All of Microsoft, Google, Amazon and Meta reported this week. Outside of their core businesses, the thing we were focused on is the amount of capex they are all spending around building out their own AI capabilities. They all need to spend, for different reasons – for Meta it’s about using AI to mitigate some of the advertising performance issues they had as a result of Apple’s privacy regulations; for Microsoft, AI leadership ensures they attract the next wave of new businesses into their software ecosystem. For each of Google, Microsoft and Amazon, selling Generative AI capabilities is one way they are trying to attract the next new growth customers to their cloud services. They are all in a race to invest, or risk falling behind. 

AI is costly – the servers that are used in training and inference have a huge amount more semiconductor content in them and are multiples the cost of standard enterprise servers. Meta alluded to capex going higher (it is already spending >$30bn this year); Google guided 2023 capex modestly higher than previously; and Amazon is shifting spend from its transport and logistics and adding more dollars to AI and LLMs. 

In the portfolio we benefit from the capex spend on servers and network infrastructure through the semiconductor content (CPUs and GPUs through AMD and Nvidia, both of whom make their chips at TSMC, and further down the chain benefitting the semi cap equipment companies which are all needed to make these leading chips). 

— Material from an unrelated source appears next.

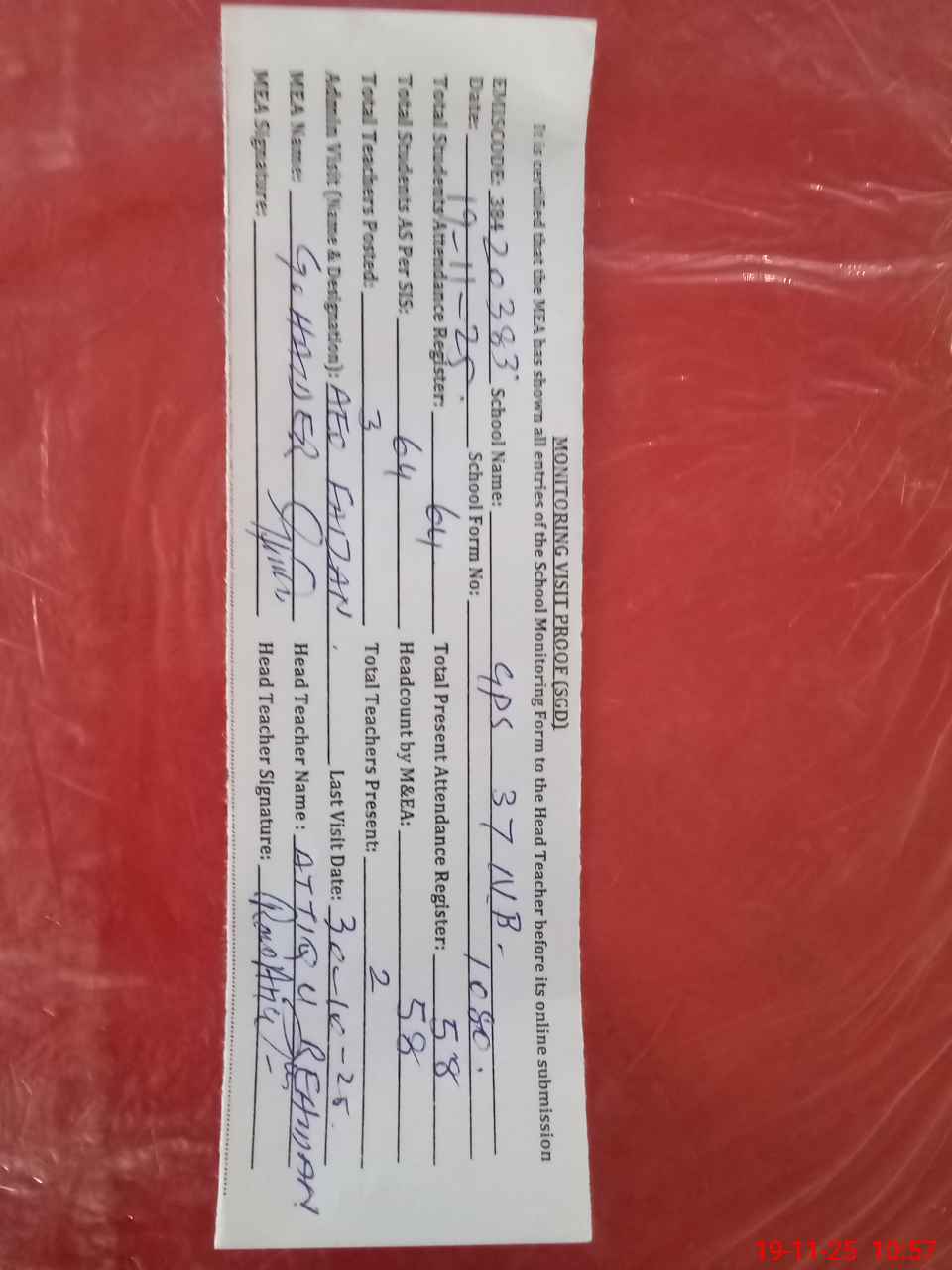| Attendance Register | Head Teacher | MEA with School | Visit Proof |

We think hyperscaler capex will amount to ~$160bn this year. And when we think about each of Google, Amazon and Microsoft – they are all in a position to continue to invest – all have large cash balances and an ability to sustain high levels of investment over time. 

Elsewhere, cost cutting continues to be a feature of most of the results we’re seeing – and tech overall is well placed to exercise cost control (typically high gross margins gives it a lot of flexibility in the cost structure) – that’s one of the ways we think tech can drive earnings growth materially higher than the market this year and one of the things which keeps us optimistic overall. 

The surprise of the week was the UK blocking Microsoft’s acquisition of Activision

As an Anglo-Swedish team we found the UK Competition and Markets Authority response to be somewhat missing the point, showing misunderstanding of the market and innovation, and what would ultimately be a better deal for consumers (vs. Sony’s dominance in consoles). 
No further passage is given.